Paper accepted at IJCAI 2026!

Published: 06/15/2026
News

🎉 We’re thrilled to announce that our first paper has been accepted at the IJCAI (International Joint Conferences on Artificial Intelligence) this year!

We are thrilled to share that our paper, "Energy-Regularized Spatial Masking: A Novel Approach to Enhancing Robustness and Interpretability in Vision Models," has been accepted to IJCAI International Joint Conferences on Artificial Intelligence Organization this year!

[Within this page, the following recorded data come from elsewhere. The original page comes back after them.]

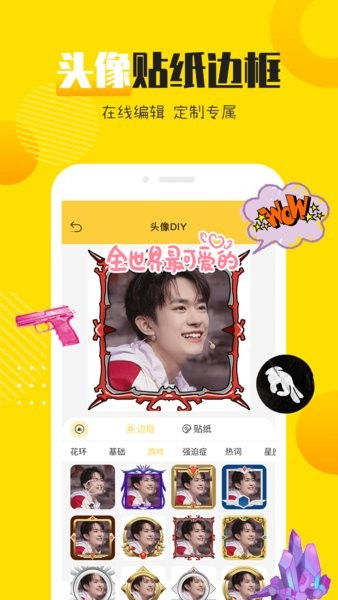 支持自定义头像边框和添加贴纸,diy定制专属个性头像。
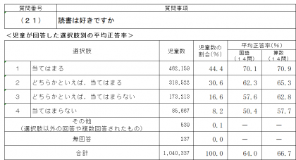 上図は、令和元年度の全国学力・学習状況調査のデータです。「読書が好きな子どもは、学力が高くなる傾向にある」ということが読み取れます。学校でも、読書が好きになる取組を推進しています。ご家庭でも、読み聞かせをしたり、図書館に行ったりすることで、本や活字に触れる機会をつくることができれば素敵ですね。
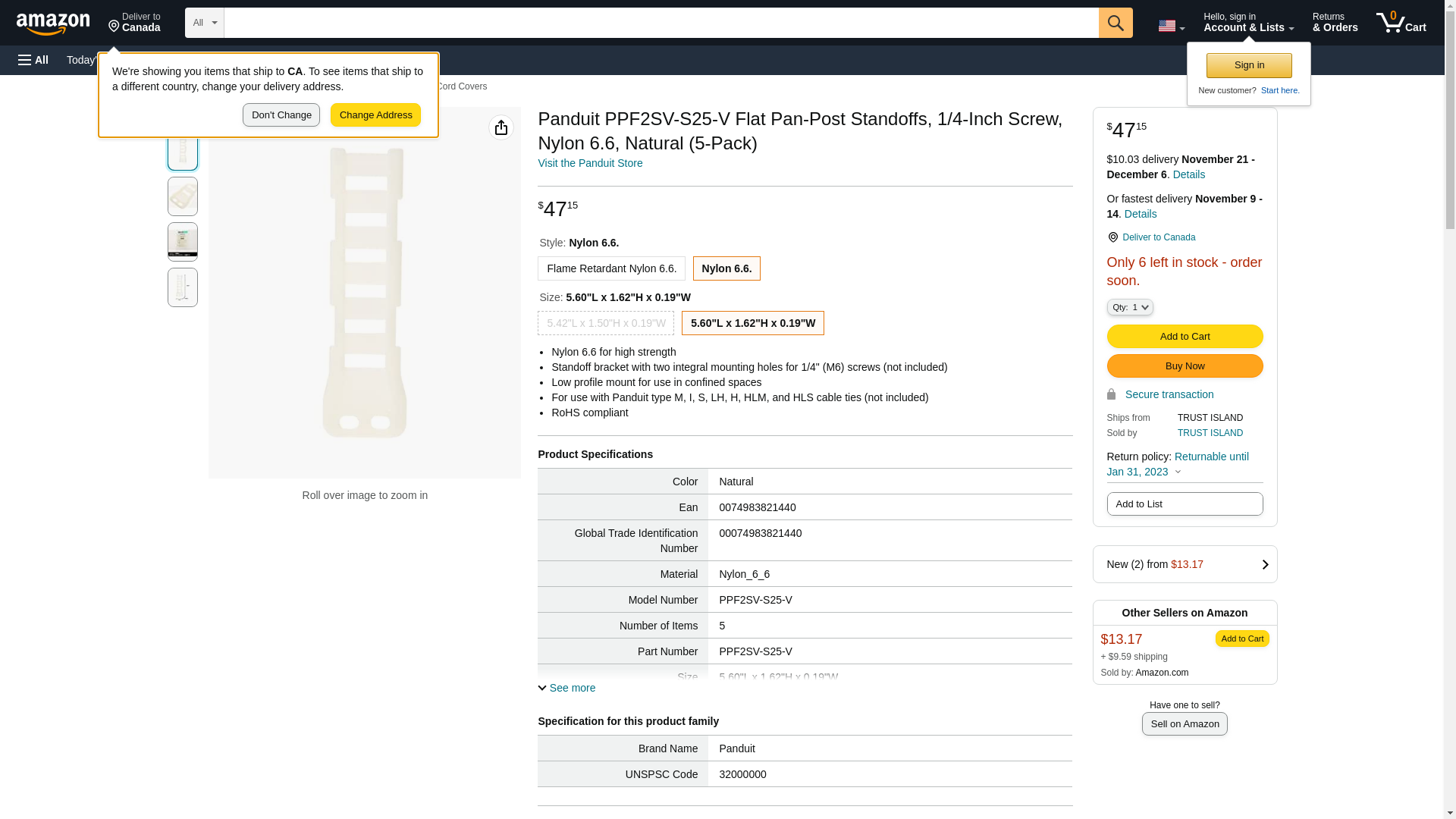 | Feature | <b>Price For:</b> Pack of 5 <b>Manufacturer</b>: Panduit <b>Product Category</b>: Cable Mounting & Accessories <b>RoHS</b>: <b>Brand</b>: Panduit <b>Type</b>: Flat Pan-Post Standoff <b>Material</b>: Nylon <b>Color</b>: Natural <b>Mounting Method</b>: 1/4 in (M6) Screw <b>Height</b>: 41.3 mm <b>Length</b>: 142.2 mm <b>Maximum Bundle Diameter</b>: 19.1 mm <b>Unit Weight</b>: 2.880000 oz |
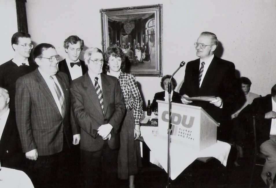 Am 10. Januar 1988 war es dann soweit. Der erste Neujahrsempfang fand im Hotel „Zum Adler“ statt. Festredner war der damalige Oberkreisdirektor des Märkischen Kreises, Dr. Bernhard Schneider, der zum Thema sprach: „Der Märkische Kreis - ein Mitgarant der kommunalen Daseinsvorsorge.“ Den CDU-Bürger-Ehrenpreis erhielten der Geschichts- und Heimatverein sowie der Verkehrsverein. Fünf jugendliche Nachwuchssportler der LG Plettenberg/Herscheid wurden für ihre besonderen Kreistitel-Leistungen geehrt. Musikalisch umrahmt wurde das Programm von Ulrich Baron am E-Piano.
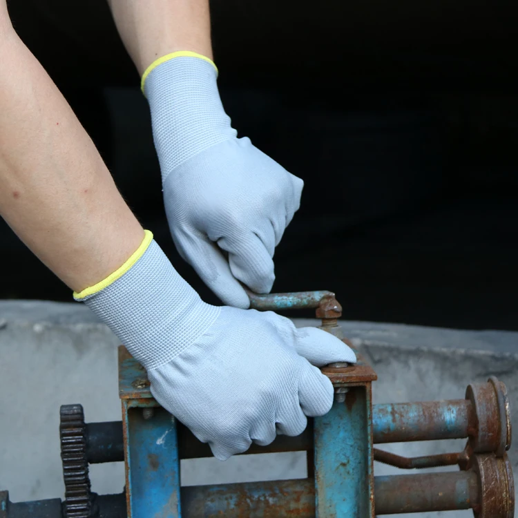 Working Gloves Xingyu 13G Grey Nylon Shell PU Coated Work Safety Gloves Cotton Hand Gloves
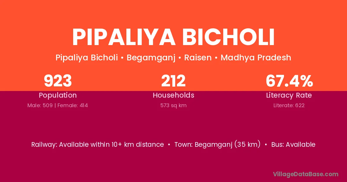 Begamganj (35 km) is the nearest town to Pipaliya Bicholi village for major economic activities and is located approximately 35 km away.
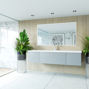 Handcrafted in Italy, the Vitri collection brings you a modern look with an elegant touch. This collection is engineered with the highest grade cabinet materials, push-to-open Blum hardware, and wrapped by beautifully frosted Nano Glass panels. LAVIVA's Nano Glass Technology makes the glass durable for everyday use and won't leave smudges or fingerprints behind. The Vitri collection's adaptive design allows you to combine multiple cabinets to create any size vanity to fit your space. When paired with LAVIVA's countertops, you can create any feel in your bathroom. The VIVA Stone Solid Surface countertops give it a sleek modern look. This premium vanity is a perfect fit for any bathroom and will become the centerpiece of your space.
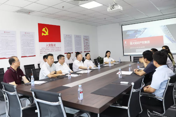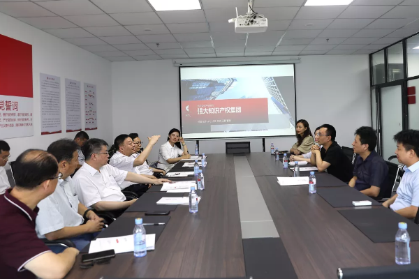 黄书凯先生向领导们汇报了强大知识产权集团的基本情况、业绩成果及管理运营模式,沈嘉女士也对强大集团的服务理念及产品进行了汇报。
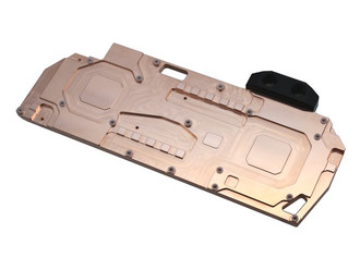 Aside from the GPUs, memory and voltage regulators are cooled. An extremely fine microstructure sits right above the GPUs and guarantees, assisted by a low residual base thickness, optimal cooling performance. Integrated isolating stand-offs allow easy mounting of the cooler.
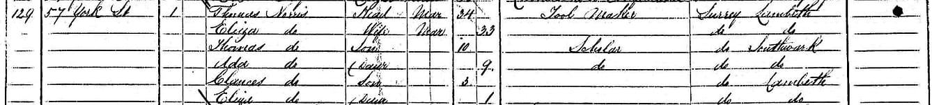 Thomas Norris Sr., at 18 Northings Head Yard, Lambeth, in the 1851 U.K. census. Thomas II, 16, was listed as an “errand boy” in the 1851 U.K. census.
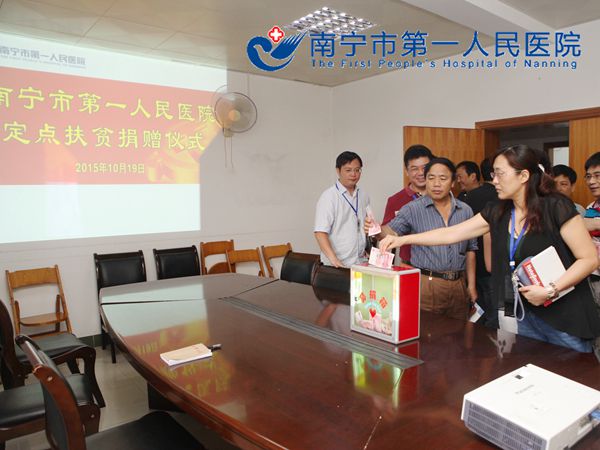 自2014年起,国务院将每年的10月17日设立为“扶贫日”。为贯彻落实南宁市扶贫办转发自治区扶贫办《关于组织定点帮扶单位开展扶贫捐赠活动的通知》和市卫计委的通知精神,10月19日,南宁市第一人民医院开展定点扶贫捐款活动,仅仅半天的时间便收到来自全院各职能、临床、医技科室捐助款项三万两千多元。
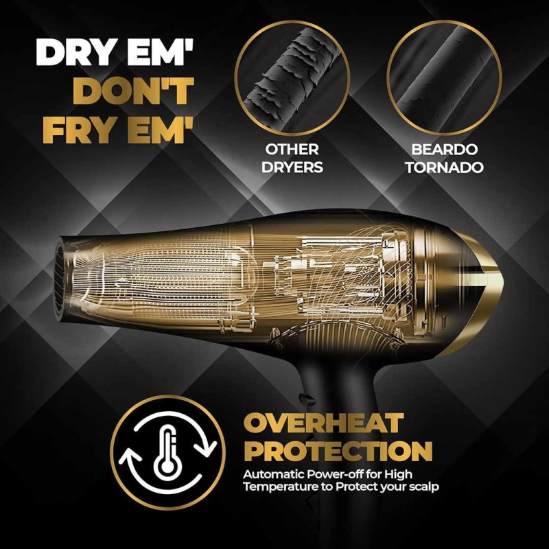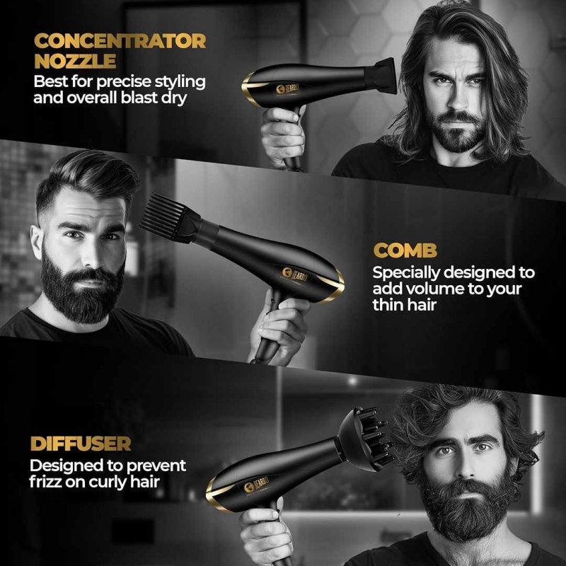 The Beardo Tornado Professional Hair Dryer is a powerful 2000W corded styling tool designed specifically for men. Featuring 3 temperature settings, 2 speed settings, and versatile attachments—including a diffuser, concentrator nozzle, and comb—it offers a customized grooming experience. With advanced EHD+ technology, overheat protection, and a cool shot button, this dryer ensures safe, quick, and frizz-free styling. A 2.5-meter cord adds convenience, making it ideal for at-home or professional use.
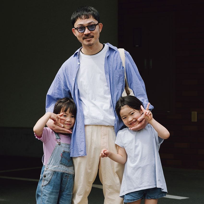 成 雄大さん / 39歳人気の青シャツを楽しむ。オーバーサイズをチョイスして、前を開けて。合わせるパンツもしっかりと太め。
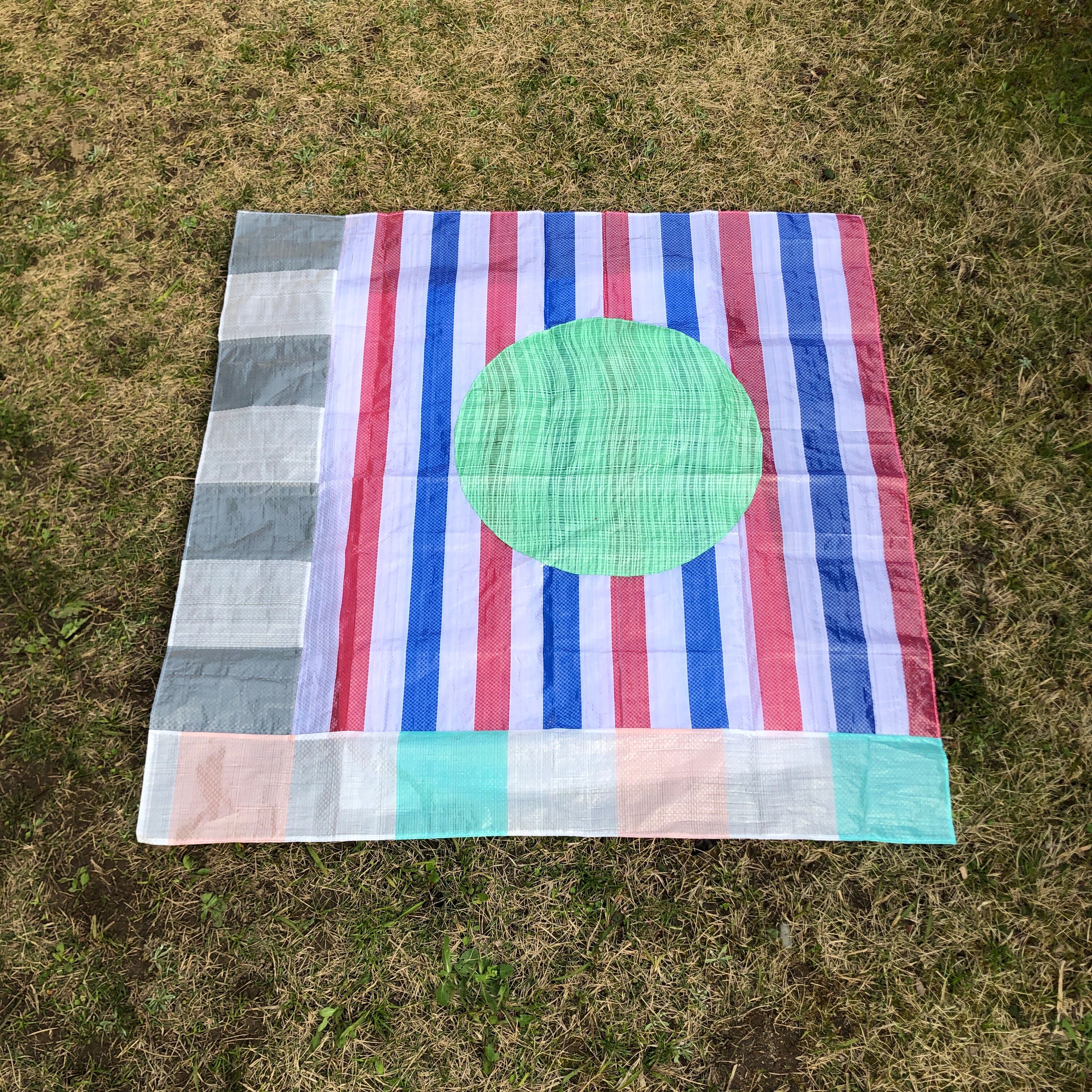 既製品のレジャーシートをランダムに裁断し、再構成して縫い合わせた「レジャーシートのコラージュ」。即興的に構成しているため模様やサイズなどは1点ずつ異なります。
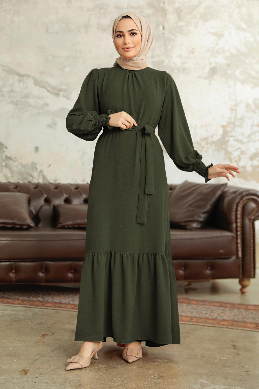 Long Dark Petrol Green Hijab Dress 5972KPY
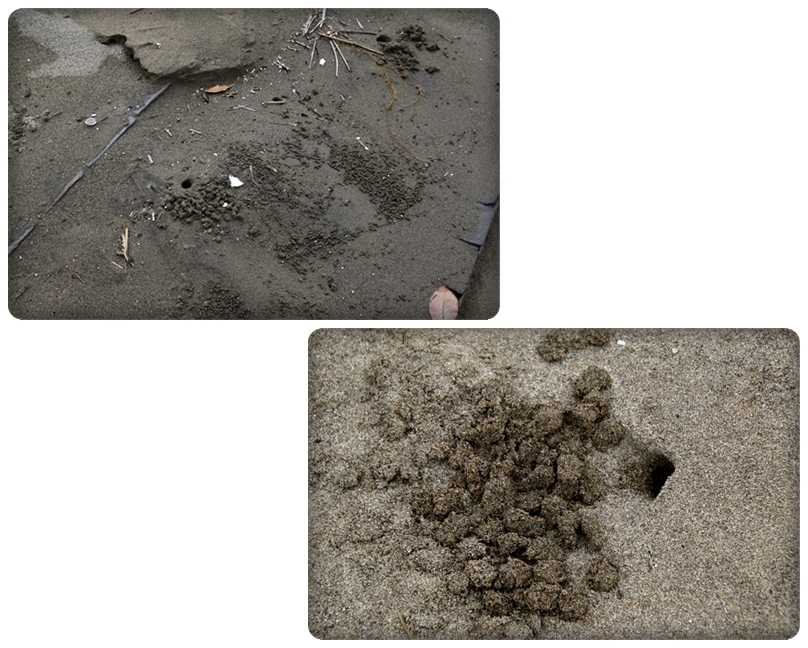 海岸のあちらこちらでカニの穴を目にします
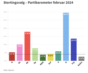 Det er et soleklart borgerlig flertall på Opinions februarmåling, utført for FriFagbevegelse og Dagsavisen. Måling gir de borgerlige partiene Høyre, FrP og Venstre 92 mandater, og dermed rent flertall uten å måtte knytte seg til KrF.
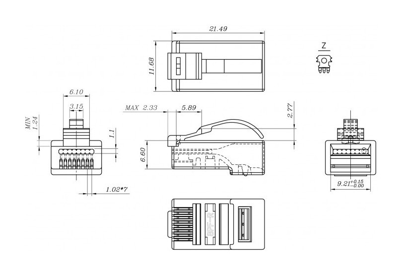 | Материал корпуса RJ-45 | поликарбонат (PC) |

We discovered that efficient, interpretable visual representations can emerge naturally from a principle of 𝗲𝗻𝗲𝗿𝗴𝘆 𝗺𝗶𝗻𝗶𝗺𝗶𝘇𝗮𝘁𝗶𝗼𝗻. Our approach, 𝗘𝗻𝗲𝗿𝗴𝘆-𝗥𝗲𝗴𝘂𝗹𝗮𝗿𝗶𝘇𝗲𝗱 𝗦𝗽𝗮𝘁𝗶𝗮𝗹 𝗠𝗮𝘀𝗸𝗶𝗻𝗴 (𝗘𝗥𝗦𝗠), reframes feature selection as a differentiable energy problem, assigning each visual token a cost from two competing forces: an intrinsic importance term and a spatial coherence penalty.

𝗞𝗲𝘆 𝗵𝗶𝗴𝗵𝗹𝗶𝗴𝗵𝘁𝘀:
✅ 𝗥𝗼𝗯𝘂𝘀𝘁𝗻𝗲𝘀𝘀: Energy-guided patch removal actually improves accuracy after discarding the highest-energy patches, revealing ERSM as an implicit denoising mechanism.
✅ 𝗜𝗻𝘁𝗲𝗿𝗽𝗿𝗲𝘁𝗮𝗯𝗹𝗲: Produces contiguous, object-aligned spatial masks that isolate semantic regions without any segmentation supervision not post-hoc saliency, but direct projections of the model's decision bottleneck.
✅ 𝗠𝗼𝗱𝗲𝗹 𝗔𝗴𝗻𝗼𝘀𝘁𝗶𝗰: A lightweight, plug-and-play Energy-Mask Layer that drops into standard convolutional backbones without architectural changes.
✅ 𝗘𝗺𝗲𝗿𝗴𝗲𝗻𝘁 𝗦𝗽𝗮𝗿𝘀𝗶𝘁𝘆: No fixed pruning budget, the network autonomously discovers its own information-density equilibrium.